Savage and Tripping Minds

I just had the extraordinary pleasure of seeing longtime friend and fellow-traveler Richard Doyle give a talk at Rice called “Just Say Yes to the Noosphere.” Rich is the author of On Beyond Living and Wetwares; we met at MIT; his advisor at Berkeley had been Evelyn Fox Keller who had moved to MIT. Rich is a rarity in academia: a kind of contemporary Bateson who insinuates himself into all kinds of interesting research projects; he’s just as willing to run a composition and rhetoric program as he is willing to be the American representative to the International Electrotechnical Commission’s Joint Standards Committee on Bio-Telemetrics. Rich’s talk was about the 20th century history of psychadelics research, and especially, research in unlikely places: like AMPEX, for instance (the inventor of magnetic video-tape), whose engineers experimented with LSD. It’s no secret how widespread the experimentation and research on psychadelics was from about the 1930s into the 1960s. After that, however, hysteria served to associate the research and on psychadelics with 1) drugs 2) bad graphics and 3) pseudo-science and new age mysticism.

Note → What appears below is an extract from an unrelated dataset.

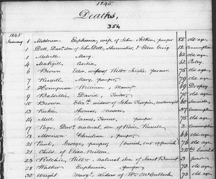 Andrew’s wife, Euphemia, died 9 years later in 1845 – she also died a pauper. This would be because she would have relied on the church for support once her husband died. I feel it is worth noting again that although a pauper is poor they may not have been poor throughout their life and only been a case of relying on the church for support in their twilight years. Today we are lucky enough to receive a pension – the working class did not have that privilege in the 1700/1800’s.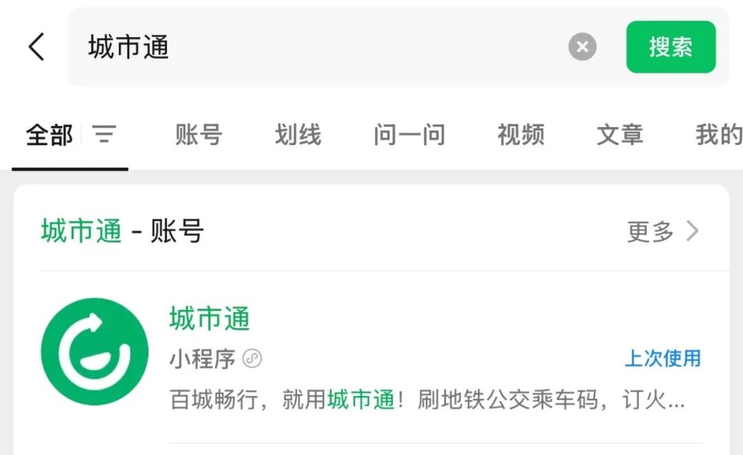 打開微信,在頂部搜索框輸入“城市通”,點進這個小程序。

Rich said a couple of things that made sense to me (and I am, of course, tripping so incredibly hard right now that this might not come through): one was that the research on psychadelics intitially assumed that it was useful for treating madness, but that through experimentation it became clear just how “tunable” psychadelics are–how “dependent on initial rhetorical conditions they are” was how Rich put it. The fact that they figure in ritual and ceremony makes perfect sense: because ritual and ceremony are the context and fuel for the experience induced by the medicine. The fact that people don’t use them, or have bad experiences also makes sense: in a context of paranoia, fear, criminalization and hatred, it’s hard to imagine psychdelics not amplifying that.

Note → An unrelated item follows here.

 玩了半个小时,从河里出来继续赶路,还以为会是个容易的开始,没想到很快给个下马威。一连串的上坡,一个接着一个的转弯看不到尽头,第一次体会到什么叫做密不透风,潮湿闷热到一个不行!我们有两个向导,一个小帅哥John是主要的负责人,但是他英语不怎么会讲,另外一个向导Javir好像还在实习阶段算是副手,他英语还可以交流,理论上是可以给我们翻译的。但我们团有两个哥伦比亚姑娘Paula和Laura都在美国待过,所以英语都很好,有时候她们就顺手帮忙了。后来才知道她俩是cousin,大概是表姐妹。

Because of this, Rich suggests that they are (not ‘are like’ but ‘are’) information technologies: tools for hooking up the tubes in new ways, to put it in terms Senator Stevens would clearly understand. The claim is a curious one–Rich defends it by pointing to research at UC Berkeley on the “amount” of information in the world: if we’ve produced double the amount of information in the last 4-5 years that we had in the previous 800,000 years, then one might expect there to be, at the very least, some “interesting” effects. One of those interesting effects is precisely, and simply, the effect of enormous amounts of information on consciousness–and that interest somehow… connects to psychadelics… I kind of lost Rich there. But in any case I have to stop here because if I keep talking about how “tunability” is a way of exploring the role of context and language as it shapes the consumption/ingestion/permeation of human bodies with information, then I am in danger of being dismissed as a kooky mystic.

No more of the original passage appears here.